It was January when I learned that Bret Easton Ellis had a new novel coming out. It was, like, one in the morning and I was online looking up information on the movie adaptation of his novel Glamorama, which I was almost finished reading. During this search, I came across a website or blog or something that had news on Ellis' next novel, Lunar Park, which was scheduled to come out later in the year. There wasn't a lot of information, but apparently it was going to be about Ellis himself, his family, and something that goes horribly wrong. I was obviously psyched and so the waiting began.

At some point, I found out via Amazon that the novel would be published on August sixteenth, which also happens to be my youngest sister's birthday (her name is Brett, which I found coincidental in a funny kind of way). So, I began the wait. I'd go back and check from time to time, hoping the release date had been pushed up. I read the description given. I read a couple of the advanced reviews also placed on the site. I was really looking forward to this. There aren't too many authors I'm willing to buy in hardcover, but Bret Easton Ellis is one of them.

I've only been reading his work since January of 2004. Every once in a while, I'd stop in at the bookstore that's on campus and just peruse the fiction shelves and buy something that looked interesting. I'm actually pretty good at judging a book by its cover. On this day, I picked up two items: Ghost World by Daniel Clowes and American Psycho by Bret Easton Ellis. I'd seen the movie and heard a lot of good things, so I figured I may as well pick it up, fuck the books I had to read for classes. I didn't exactly devour the book, but I read it solidly for the next week or two, before classes began, on the bus, during breaks, and at home. I recognised certain scenes from the movie, I recognised changes, and when I was done, I decided I preferred the book. As I said to a friend the other day, "it's more tedious and repetitive," which is kind of the point (also, as a writer, I know how fucking mind-numbingly boring it must have been to write some of those chapters, like the one that just tells you what's in the main character, Patrick Bateman's apartment). It was more ambiguous, epic, subtle, and outlandish.

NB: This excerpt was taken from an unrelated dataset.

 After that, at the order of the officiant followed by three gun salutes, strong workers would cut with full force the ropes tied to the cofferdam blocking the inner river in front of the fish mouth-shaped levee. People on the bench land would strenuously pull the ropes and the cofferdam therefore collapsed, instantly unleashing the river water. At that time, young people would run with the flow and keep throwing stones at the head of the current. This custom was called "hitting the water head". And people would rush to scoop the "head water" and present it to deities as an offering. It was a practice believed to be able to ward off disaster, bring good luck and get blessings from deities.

Next, I bought The Rules of Attraction with a gift certificate to a local bookstore that I had gotten for my birthday. I had also seen the movie, so it suffered from the endless comparisons and visualisations of young actors as the characters. This book impressed me a little bit more, mostly because it was much more different from the movie than American Psycho had been, so it had more surprises. (Around this time, I also bought this reading guide for American Psycho with another gift certificate online. It's a pretty decent read. It gives a brief bio of the author, discusses the book in detail, discusses the book's reception, discusses the film adaptation, and then poses questions. Altogether, a nice little addition to the novel for academics or fans. I don't agree with everything the author of it says, but it does get you thinking about certain things and introduces various concepts you may not have considered before. It's called Bret Easton Ellis' American Psycho: A Reader's Guide by Julian Murphet. It's part of a series of reader's guides that discuss novels adapted into films and I plan to pick up the one on High Fidelity at some point, as well.)

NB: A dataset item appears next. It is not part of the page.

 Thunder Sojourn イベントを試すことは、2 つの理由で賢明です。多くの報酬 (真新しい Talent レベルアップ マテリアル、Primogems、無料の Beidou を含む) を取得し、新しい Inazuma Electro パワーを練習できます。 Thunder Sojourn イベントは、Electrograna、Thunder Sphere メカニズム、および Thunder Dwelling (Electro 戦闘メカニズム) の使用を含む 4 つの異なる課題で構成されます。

After this, I picked up Ellis' first novel, Less Than Zero. I went into this one completely blank except for what was said in the reader's guide for American Psycho. Apparently, a movie was made of this, but I've heard mostly bad things, so I haven't seen it yet. Ellis wrote this one when he was around my age, maybe a little younger, still in college and it's my favourite of his novels. It's the most simple of the bunch and probably the most pure. While others have jumped on it and called it a statement about his generation, that just seems to be something added in later. To me, it was a young guy trying to come to grips with the shitty world he was living in and doing it by writing a novel about it. By fictionalising what he was going through, he was able to deal with it on some level. I could relate to that idea. I wrote a story or two around this time in a similarly flattened prose where I tried to do the same thing, but they are dreadful (which is to be expected, I suppose).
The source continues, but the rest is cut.